Summary
In Leneschmidt, cited in Helzer, two acts were proven, but the trial court "carefully confined conviction to the one charge".
Summary of this case from People v. SmithOpinion
Docket No. 203, Calendar No. 36,527.
Submitted October 14, 1932.
Decided December 6, 1932.
Appeal from Shiawassee; Collins (Joseph H.), J. Submitted October 14, 1932. (Docket No. 203, Calendar No. 36,527.) Decided December 6, 1932.
Alex Leneschmidt was convicted of bastardy. Affirmed.
Ellis F. Wilson, for appellant. Paul W. Voorhies, Attorney General, and Norman L. DesJardins, for the people.
Complaint for bastardy alleged that the child was begotten on or about the 9th day of May, 1930, the occasion and circumstances being definitely stated. The proofs placed the time in the forepart of April, without change of the occasion and circumstances. Defendant claims fatal variance as to dates.

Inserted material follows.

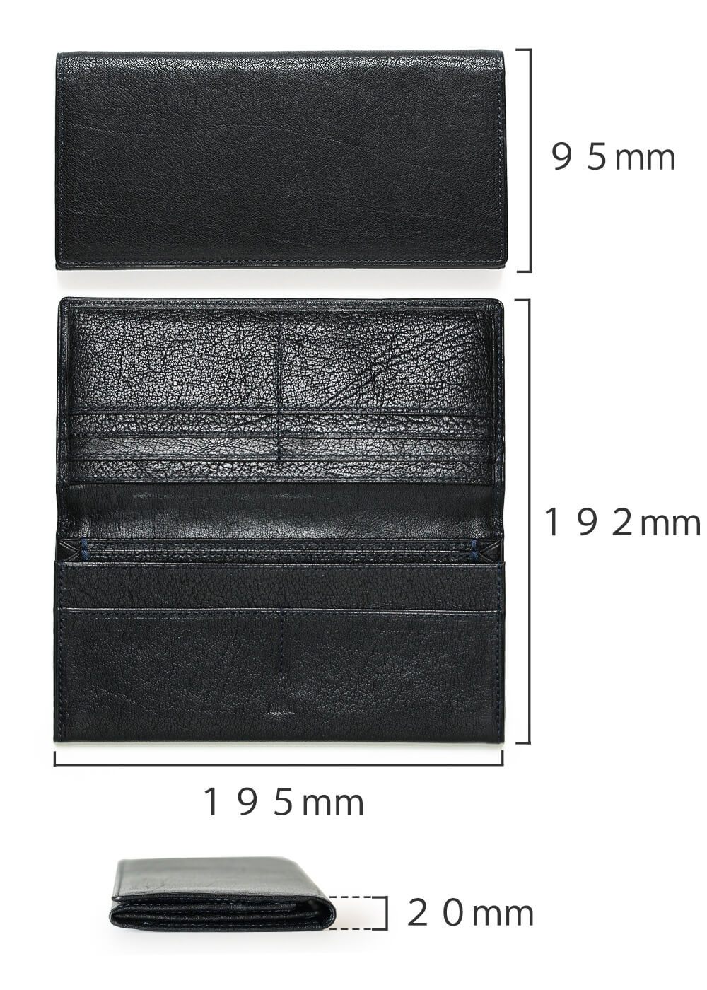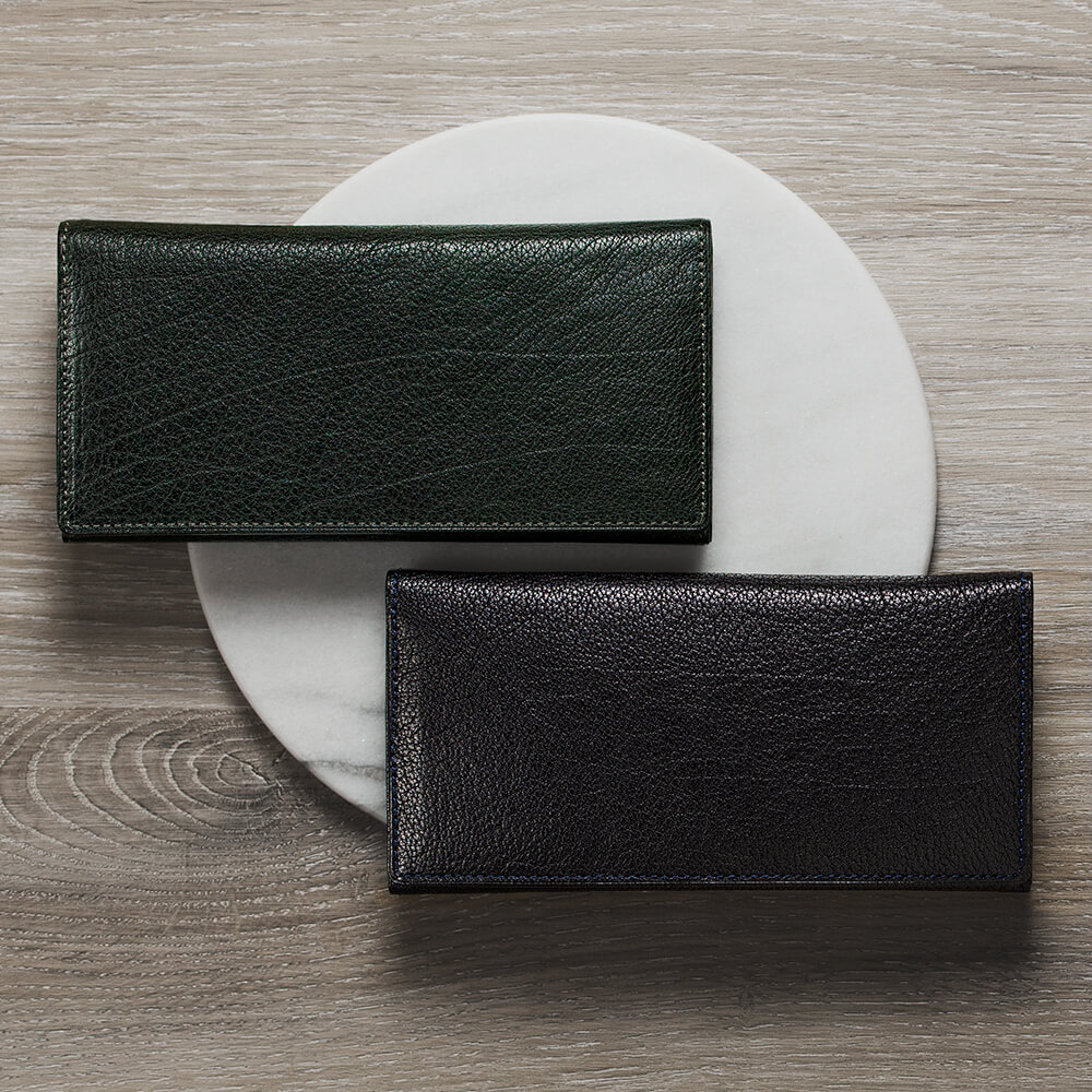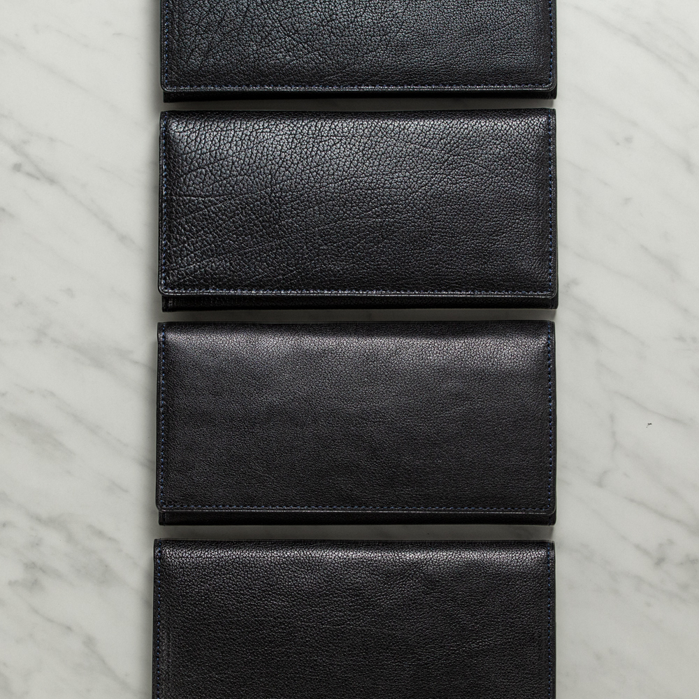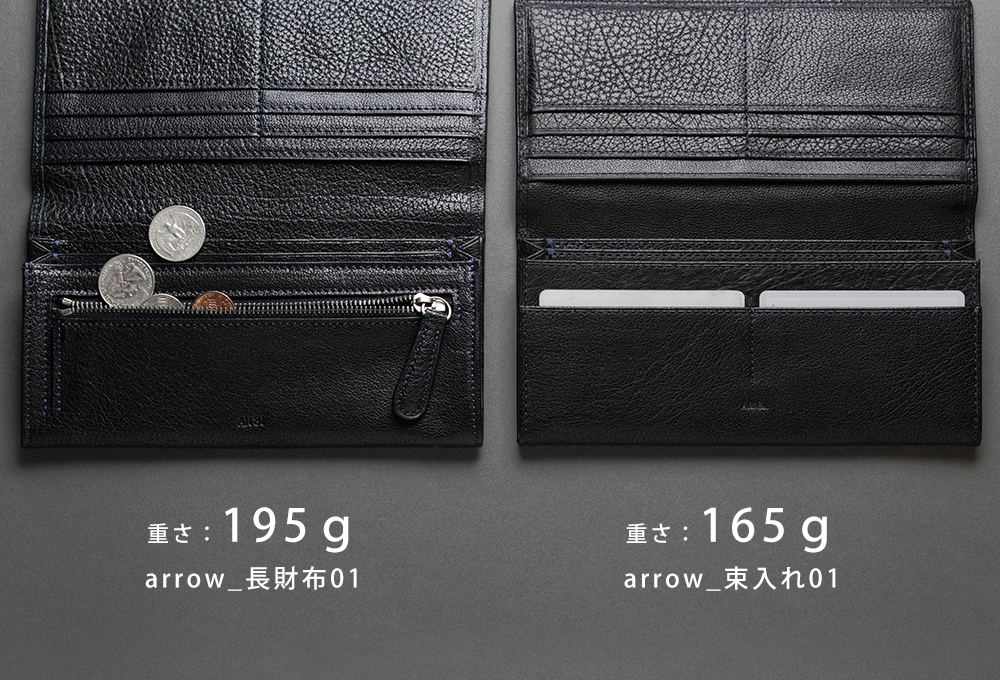 arrow_長財布01(左)をご覧になったお客様からいただいた「小銭入れは持っているから、束入れが欲しい」という要望がベースとなり実現した商品がこのarrow_束入れ01(右)だ。比較すると縦は約5mmほど短くなり、小銭入れの金具やファスナー、引き手を無くすことで重さは約15%軽くなった。小銭入れがあった箇所にはカード段を配し、抜け目もない。小銭入れを既にお使いの方ならば間違いなく眉唾ものの逸品になるはずだ。

Conviction must be confined to the act charged in the complaint. Showing of other acts of intercourse is permitted only as bearing on the probability of commission of the one relied on. People v. Schilling, 110 Mich. 412. When the date is alleged with particularity, it must be proved as laid ( Hull v. People, 41 Mich. 167; People v. Wilson, 136 Mich. 298), but amendment may be permitted ( People v. Cole, 113 Mich. 83). But where the date is not alleged with particularity, variance in the time is not fatal, if the verdict is confined to the particular act within the scope of complaint upon which the prosecution introduces evidence for the purpose of procuring conviction. People v. Swanson, 217 Mich. 103; 7 C. J. p. 987.
In this case there was testimony of two acts of intercourse. The court carefully confined conviction to the one charged. Defendant was apprised by the examination that complainant was uncertain of the date, but the occasion was made clear. The defense was an alibi, and defendant's evidence covered the time relied upon as fully as it did the date named in the complaint. No motion was made for continuance after the court ruled that the act could be shown as of the forepart of April, nor does the record indicate that defendant was deprived of a fair trial nor injured in his defense by the variance.
The other points raised have been examined, are without merit, and need no discussion.
Judgment affirmed.
CLARK, C.J., and McDONALD, POTTER, SHARPE, NORTH, WIEST, and BUTZEL, JJ., concurred.